WHAT THE TASK REQUIRES: Exactly as written, print every line of the listing below and omit its pictures.

DATA BLOCK:
* * * *
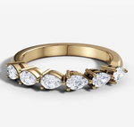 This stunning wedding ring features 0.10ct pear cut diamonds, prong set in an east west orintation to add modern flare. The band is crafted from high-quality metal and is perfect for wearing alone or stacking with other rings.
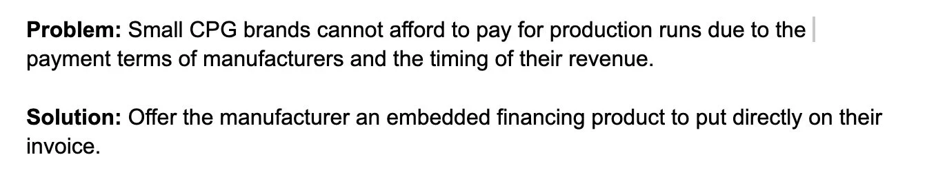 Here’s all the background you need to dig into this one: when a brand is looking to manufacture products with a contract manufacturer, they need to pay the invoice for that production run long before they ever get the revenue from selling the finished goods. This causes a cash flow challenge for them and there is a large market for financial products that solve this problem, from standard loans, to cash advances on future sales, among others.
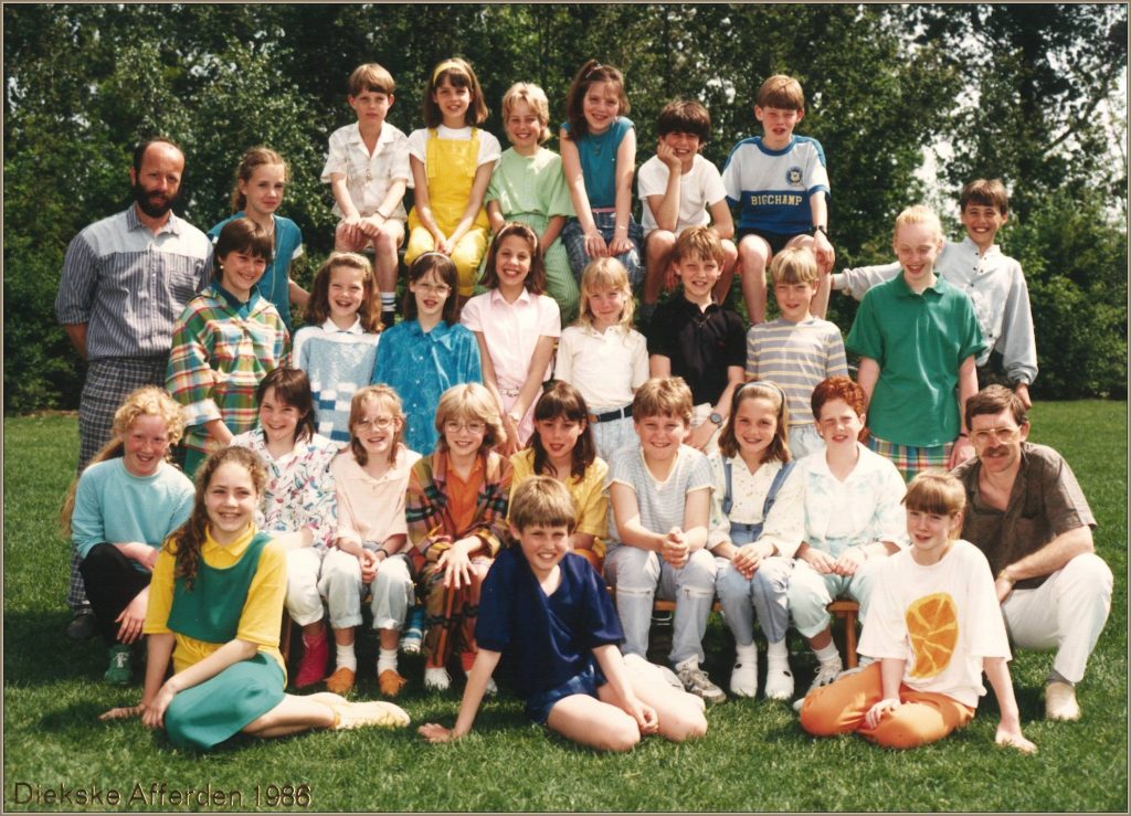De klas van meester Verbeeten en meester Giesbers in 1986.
* * * *
FINAL ANSWER:
 This stunning wedding ring features 0.10ct pear cut diamonds, prong set in an east west orintation to add modern flare. The band is crafted from high-quality metal and is perfect for wearing alone or stacking with other rings.
 Here’s all the background you need to dig into this one: when a brand is looking to manufacture products with a contract manufacturer, they need to pay the invoice for that production run long before they ever get the revenue from selling the finished goods. This causes a cash flow challenge for them and there is a large market for financial products that solve this problem, from standard loans, to cash advances on future sales, among others.
De klas van meester Verbeeten en meester Giesbers in 1986.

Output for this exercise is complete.